The highlight of that summer, though, was definitely the chance I had to visit East Berlin in August 1989, just before everything came unravelled. It was fun to see the Brandenburger Tor from the other side, to be asked to take photos of Polish tourists posing in front of it, and also to be slapped in the face by an extremely nasty old DDR woman who oversaw the men’s toilet in the Friedrichstrasse station. (We had a brief argument as to whether I had already paid or not, and she slapped me and shouted “Geh zurück in deine Heimat!”, “Go back to your homeland!” My second time being slapped in the face in Germany was in 1994 in Leipzig, that time by an apparently drunk gentleman from the Middle East, who was seemingly angered that I couldn’t make heads or tails of his incomprehensible German.) And like every other academic-type tourist in the former East Berlin, I picked up those ultra-cheap subsidized volumes of Das Kapital, and also a work of Engels with a delightful glossary explaining that Kant and Hegel were the names of “German bourgeois philosophers.” I’m glad to have had a brief taste of that world before it vanished. In West Berlin I also went to a play by Brecht, though can’t remember any longer if that was on the 1989 or 1994 trip to Berlin.

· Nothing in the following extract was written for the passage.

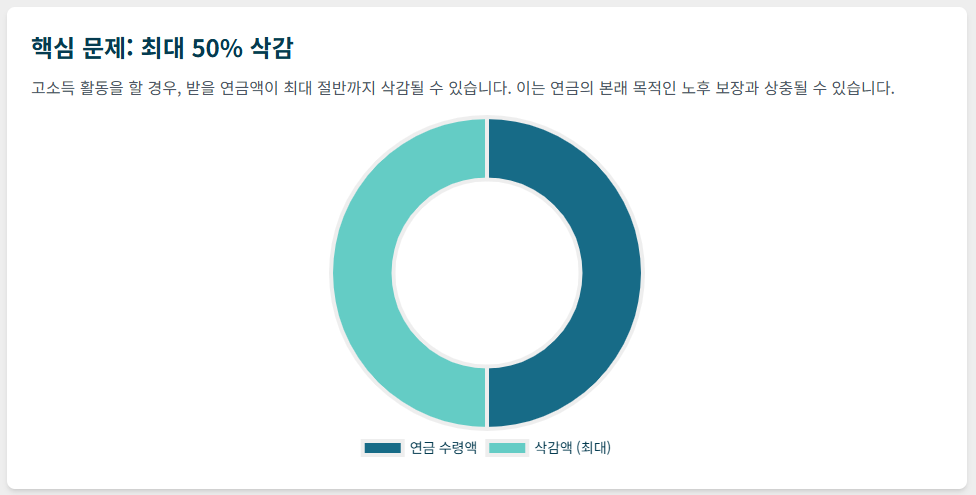 삭감 기준은 전체 가입자 평균 소득인 'A값'에 묶여 있었습니다. 이 기준선이 낮았기 때문에 웬만한 소득 활동만 해도 연금이 깎였으며, 삭감액은 **최대 50%**에 달했습니다.

Incidentally, that 1989 train ride from Hamburg to Stuttgart was a great adrenaline rush. I was exhausted from the flight, as you can imagine. Europe was still a completely foreign environment to me at age 21. I spoke shaky high school German at the time. The ride from Hamburg to Stuttgart was something like 7 hours. I kept dozing off, but then would wake up briefly at every stop along the way. And it was like a fairy tale, seeing the names of one famous German city after another on the station signs. Up to that point it was certainly the biggest adventure I had ever had.

In Stuttgart my college friend (a New Yorker) picked me up at the station. While waiting for her, I bought a Herald Tribune and read that the Chicago Bulls had just named Phil Jackson their new coach, and I doubted (foolishly) if he would be as effective as Doug Collins. We went back to my friend’s place, where there were her 3 or 4 German roommates, all of them working together at a home for severely disabled youth. One of them, Stefan, was strumming eerily on a guitar as I came in, like a character out of Dostoevsky. He invited me to go into the kitchen, where he said I would find “the ingredients to make dozens of pancakes.” While opening my luggage, the zipper caught and tore the cover of Hegel’s Phenomenology of Spirit, and to this day I suspect it was Hegel’s ghost welcoming (or non-welcoming) me to his hometown. I then crashed for about 18 hours, and awoke to the clock radio playing, of all things, Shaun Cassidy’s “Hey Deanie,” a song I hadn’t heard since elementary school. Those were my first 30 hours in Europe.

20 years ago, and a lot has happened since then.

Stuttgart is another charming place, by the way. It’s not usually ranked as a tourist favorite, but I’ve always felt comfortable there.